The HiveMQ Enterprise Data Lake Extension makes it possible to forward MQTT messages directly to your data lake without the need for additional infrastructure.

Features

Convert MQTT messages into Parquet table rows with column mappings.
Forward MQTT messages from IoT devices to one or more Amazon S3 buckets via your HiveMQ broker.
Forward MQTT messages from IoT devices to one or more Azure Blob Storage containers via your HiveMQ broker.

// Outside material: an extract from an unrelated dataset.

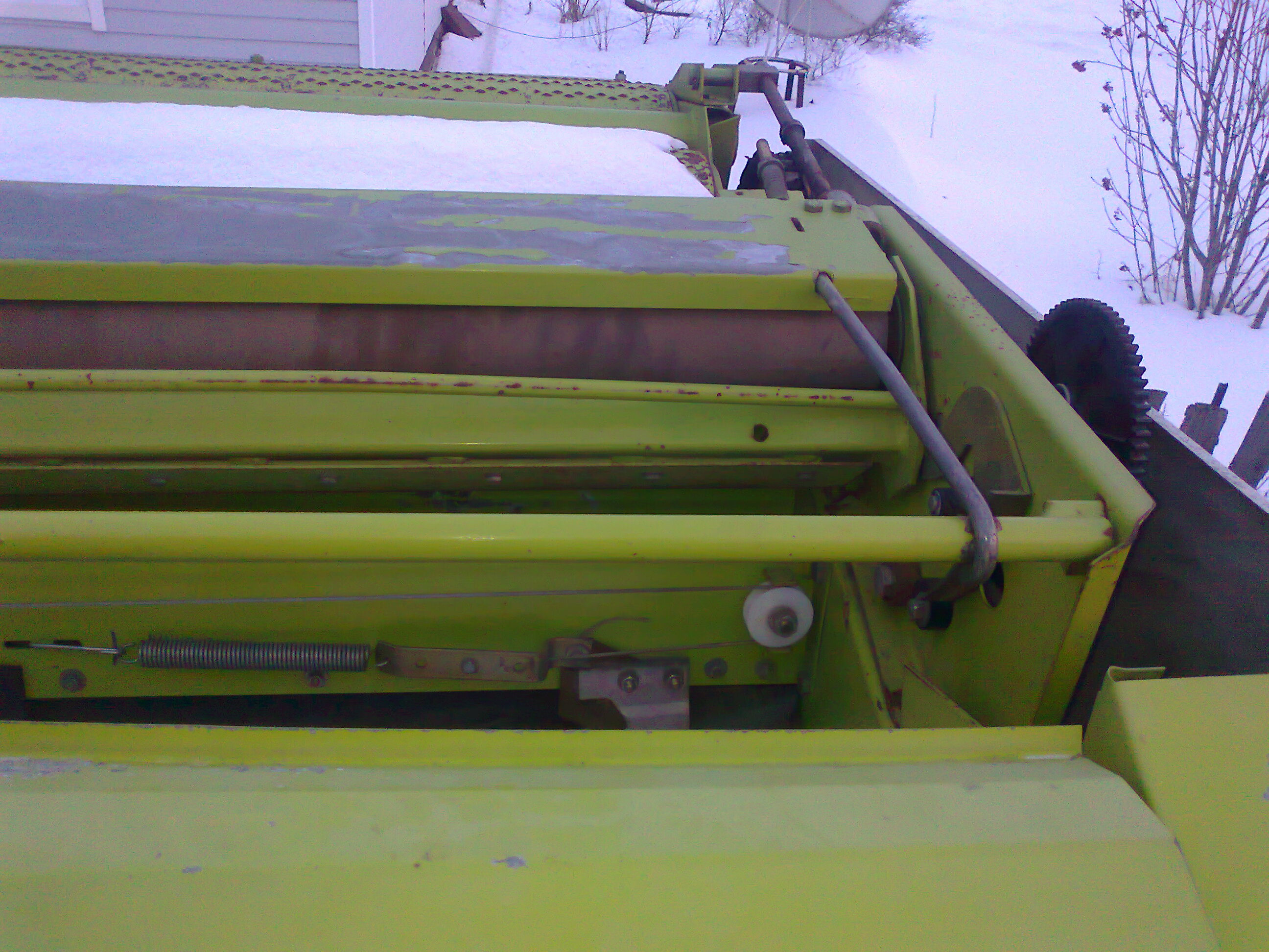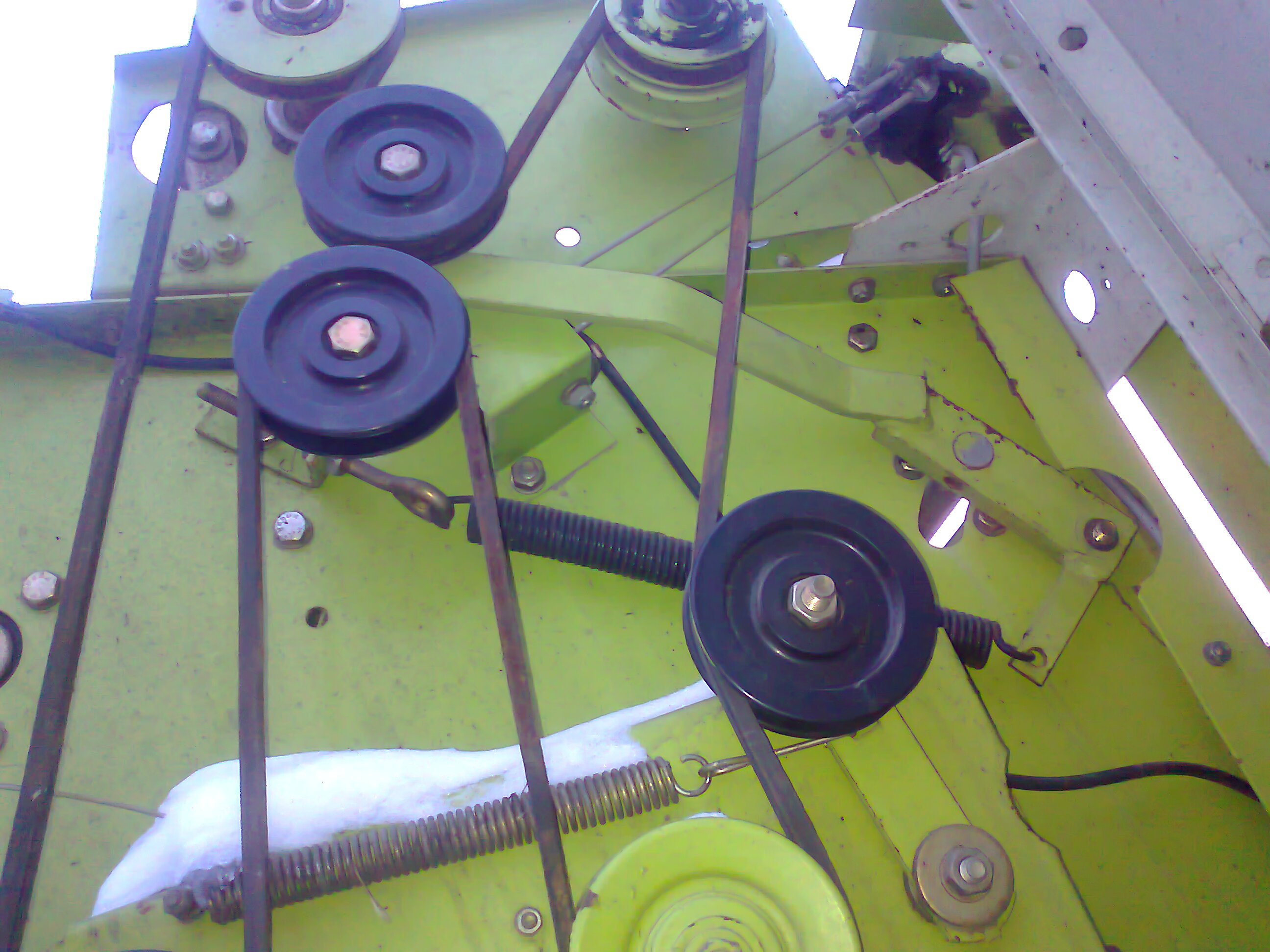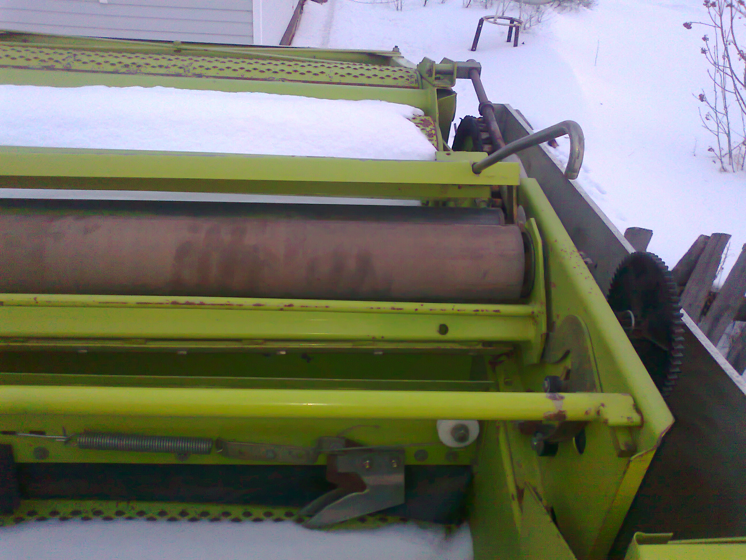 Привод от барабана там шкивок не видно его а завязка от зеленого шкивка наполовину видно который там два провода подходят наверно муфта какая то эл.магнитная и крутит подачу сетки и потом сетка захватывается сеном и быстрее мотает а чтобы не было несоответствия скорости там шкивок на интересном подшипнике стоит он в одну сторону крутится а в др нет. Вот когда сетка пошла шкивок не цепляет вал а просто крутится как обгонная муфта.

The HiveMQ Enterprise Data Lake Extension does not offer message delivery guarantees. MQTT data transferred to the data lake is sent with the equivalent of a QoS 0 guarantee. In the event of network or disk failure, data being transferred may be lost.

Requirements

A running HiveMQ Professional or Enterprise Edition installation, version 4.23 or higher.
An active Amazon Web Services (AWS) or Microsoft Azure account.
For production use, a valid HiveMQ Enterprise Data Lake Extension license.

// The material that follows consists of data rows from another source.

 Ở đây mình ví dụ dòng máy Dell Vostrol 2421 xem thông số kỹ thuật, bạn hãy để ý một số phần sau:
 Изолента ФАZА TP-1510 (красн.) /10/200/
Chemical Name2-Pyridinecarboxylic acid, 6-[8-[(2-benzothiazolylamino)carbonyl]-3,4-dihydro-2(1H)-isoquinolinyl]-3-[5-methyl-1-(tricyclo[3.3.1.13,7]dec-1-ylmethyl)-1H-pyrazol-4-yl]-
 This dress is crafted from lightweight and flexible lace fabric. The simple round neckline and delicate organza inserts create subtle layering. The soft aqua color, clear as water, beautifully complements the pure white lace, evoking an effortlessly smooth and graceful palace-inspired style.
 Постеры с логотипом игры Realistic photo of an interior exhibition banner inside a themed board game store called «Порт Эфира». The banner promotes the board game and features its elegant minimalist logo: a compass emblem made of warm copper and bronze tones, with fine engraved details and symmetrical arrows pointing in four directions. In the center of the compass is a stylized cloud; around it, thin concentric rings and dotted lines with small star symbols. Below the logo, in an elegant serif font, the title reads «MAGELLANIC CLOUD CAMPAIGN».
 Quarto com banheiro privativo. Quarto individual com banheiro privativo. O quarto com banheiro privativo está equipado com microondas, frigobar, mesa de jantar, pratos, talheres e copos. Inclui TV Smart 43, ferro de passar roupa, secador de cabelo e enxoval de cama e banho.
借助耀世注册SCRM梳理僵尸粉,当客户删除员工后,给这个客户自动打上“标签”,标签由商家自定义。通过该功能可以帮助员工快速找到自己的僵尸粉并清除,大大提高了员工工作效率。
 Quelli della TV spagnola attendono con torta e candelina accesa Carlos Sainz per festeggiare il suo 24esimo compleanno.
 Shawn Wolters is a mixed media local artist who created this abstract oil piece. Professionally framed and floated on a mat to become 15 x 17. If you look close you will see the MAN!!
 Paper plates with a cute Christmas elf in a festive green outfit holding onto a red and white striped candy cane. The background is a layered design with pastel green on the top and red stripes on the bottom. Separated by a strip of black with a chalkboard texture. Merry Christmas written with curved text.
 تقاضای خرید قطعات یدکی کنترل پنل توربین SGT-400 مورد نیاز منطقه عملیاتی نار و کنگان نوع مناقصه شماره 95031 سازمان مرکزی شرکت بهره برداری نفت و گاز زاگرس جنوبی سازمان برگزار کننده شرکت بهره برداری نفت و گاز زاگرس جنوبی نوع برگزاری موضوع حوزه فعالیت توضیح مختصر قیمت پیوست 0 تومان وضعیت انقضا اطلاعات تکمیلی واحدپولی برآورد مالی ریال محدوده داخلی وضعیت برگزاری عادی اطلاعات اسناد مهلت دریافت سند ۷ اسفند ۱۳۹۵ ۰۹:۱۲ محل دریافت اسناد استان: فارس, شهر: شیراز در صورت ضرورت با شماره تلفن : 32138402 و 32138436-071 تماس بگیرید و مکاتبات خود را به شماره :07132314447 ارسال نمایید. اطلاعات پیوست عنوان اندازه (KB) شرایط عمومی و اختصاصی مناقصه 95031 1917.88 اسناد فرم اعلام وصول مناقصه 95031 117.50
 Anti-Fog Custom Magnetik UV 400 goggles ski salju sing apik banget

If you do not provide a valid license, HiveMQ automatically uses a free trial license. Trial licenses for HiveMQ Enterprise Extensions are valid for 5 hours. For more license information or to request an extended evaluation license, contact HiveMQ sales.

Installation

Place your HiveMQ Enterprise Data Lake Extension license file (.elic) in the license folder of your HiveMQ installation. (Skip this step if you are using a trial version of the extension).

└─ <HiveMQ folder>
    ├─ bin
    ├─ conf
    ├─ data
    ├─ extensions
    │   ├─ hivemq-data-lake-extension
    │   └─ ...
    ├─ license
    ├─ log
    └─ ...

Before you enable the extension, you need to configure the extension to match your individual data lake setup.
For your convenience, we provide an example configuration conf/examples/config.xml that you can copy and modify as desired.
The included config.xsd file outlines the schema and elements that can be used in the XML configuration.
Your completed configuration file must be named config.xml and located in HIVEMQ_HOME/extensions/hivemq-data-lake-extension/conf/config.xml.
For detailed information on configuration options, see Configuration.
To enable the HiveMQ Enterprise Data Lake Extension, locate the hivemq-data-lake-extension folder in the extensions directory of your HiveMQ installation and remove the DISABLED file (if present).

To function properly, the HiveMQ Enterprise Data Lake Extension must be installed on all HiveMQ broker nodes in your HiveMQ cluster and the configuration file on each node must be identical.

Configuration

The extension configuration depends on the cloud provider you want to use.

Amazon S3
- AWS Credential Profiles: Provides information about the credential profiles used to interact with AWS.
- MQTT to S3 Routes: Defines how MQTT messages are sent from your HiveMQ broker to the configured Amazon S3 bucket.
Azure Blob Storage
- Azure Blob Storage Connections: Provides information about the authentication method used to interact with Azure.
- MQTT to Azure Blob Storage Routes: Defines how MQTT messages are sent from your HiveMQ broker to the configured Azure Blob Storage container.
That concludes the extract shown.